Harvesting Rioxx: optimising repositories for content aggregation
A previous blog post over the summer of 2022) reported that a v3.0 Release Candidate of Rioxx had been published. Publication of this candidate has stimulated additional feedback from the community and the Rioxx Governance Group (RGG) is therefore working hard to address this feedback, ahead of finalizing the publication of Rioxx v3.0.
In the meantime, members of the RGG recently presented at The 3rd Workshop on Open Citations and Open Scholarly Metadata 2022 (WOOC2022) about Rioxx: Enhancing discovery and enriching the scholarly graph with the Research Outputs Metadata Schema (Rioxx). This contribution highlighted recent Rioxx developments and how it had the potential to contribute to the burgeoning scholarly graph; but it also highlighted the importance of Rioxx as a facilitator of aggregation. That is, how Rioxx can better support the operations of content harvesters which are seeking to aggregate repository content.
Aggregation services harvest content from thousands of repositories across the world, improving its discovery and enhancing its potential re-use. They also generate a rich data platform for delivering advanced text and data mining (TDM) features, capable of unlocking new knowledge and scientific discoveries. The CORE API, OpenAIRE Discover portfolio and BASE represent obvious examples. But the growth of aggregated data also enables innovation and tangible benefits of the 'network effect', such as the CORE Recommender and CORE Discovery.
Improving the efficacy of aggregation is therefore important. We have previously reported on how Rioxx supports aggregation efficacy by expressing repository metadata in a more harvester friendly way. The RGG mission continues to focus on this, and the summer 2022 release candidate is a contribution to making Rioxx even better for aggregators. Because aggregation is a key component of the scholarly repository concept: that thousands of open repositories can operate an indenpdent, distributed service model but simultaneously contribute to the scholarly commons.

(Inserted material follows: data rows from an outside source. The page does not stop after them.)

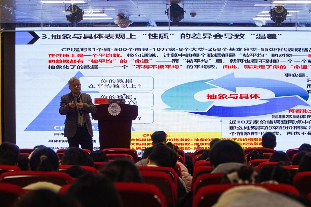关于“为什么”,谢教授以CPI编制方法为例,详细阐释其通过“定人、定点、定时”与“直接调查”相结合的方式,从全国近10万家调查网点、8大类、268个基本分类、550种代表规格品中采集数据,并经加权平均得出结果。他进一步归纳三大成因:一是统计“量”的差异,宏观数据覆盖全社会,个体仅感知有限商品;二是“抽样误差”客观存在,样本难以完全代表总体;三是“抽象平均”与“具体感受”的本质区别。谢教授生动比喻:只要“被平均”,就存在“温差”。高于平均者感觉尚可,低于平均者则易生困惑。他强调,“温差”是客观常态,具有普遍性。
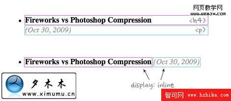 5. Display inline / block block元素占據一行,而inline則會在同一行顯示.<div>,<h1>,<p>標簽是block元素.<em>,<span>,<stong>標簽是內聯元素.但是你可以通過display:inline/block來改變元素的內聯和塊屬性.
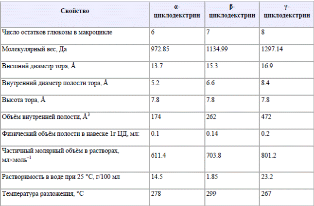 В нижеприведённой таблице − основные свойства циклодекстринов:
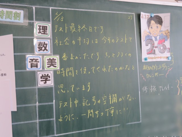 2月13日(金) 一問ずつ丁寧に【2年黒板メッセージ】
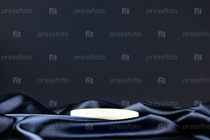 Белый подиум для установки продукции на ткань из голубого шелка на темном фоне
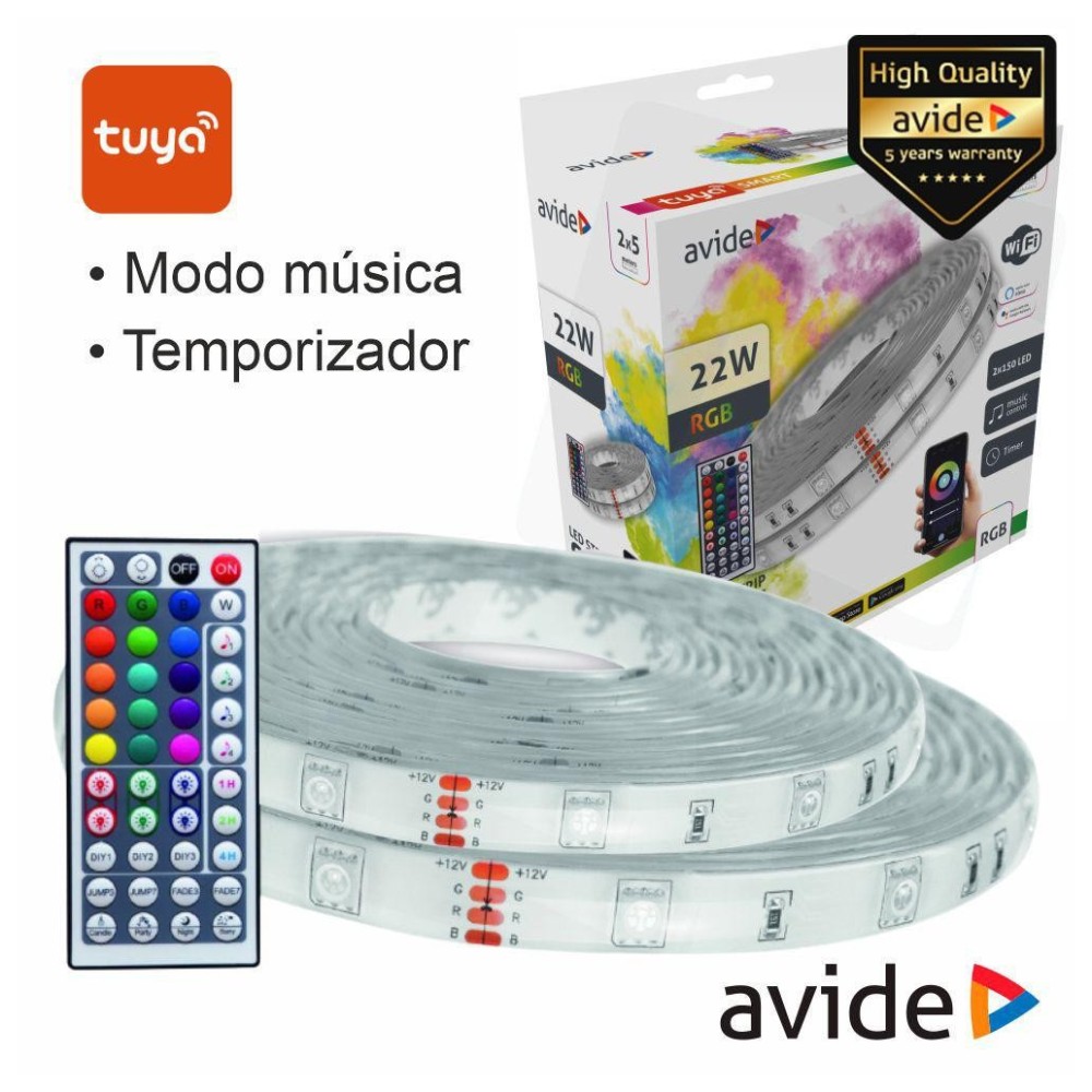 Kit de 2 Fitas LED RGB, 12V, 2x5 metros, IP65, WIFI+IR, app TUYA, da marca AVIDE

The value of aggregators, which provide data tools for TDM and the creation of new services, is already upon us. And that value is being created every minute; with every object harvested from a repository, the value of the wider aggregation grows. However, with even better metadata about what repositories contain, we can improve the efficacy of harvesting and ergo the value of the aggregation. We can improve the computational load endured by many aggregators by having better metadata -- a very relevant concern when we are all revisiting the energy footprint of our system infrastructures. But we can also enrich the quality of that data to make the wider aggregation even more useful. Think of the way this enrichment could benefit the 'data platform' ethos offered by the likes of CORE -- and then consider the impact this could have on the creation of new knowledge or data-based innovations.
Finalising Rioxx v3.0 has taken longer than expected. But its eventual introduction will be to add value to the quality of scholarly commons and the essential data platforms that underpin it.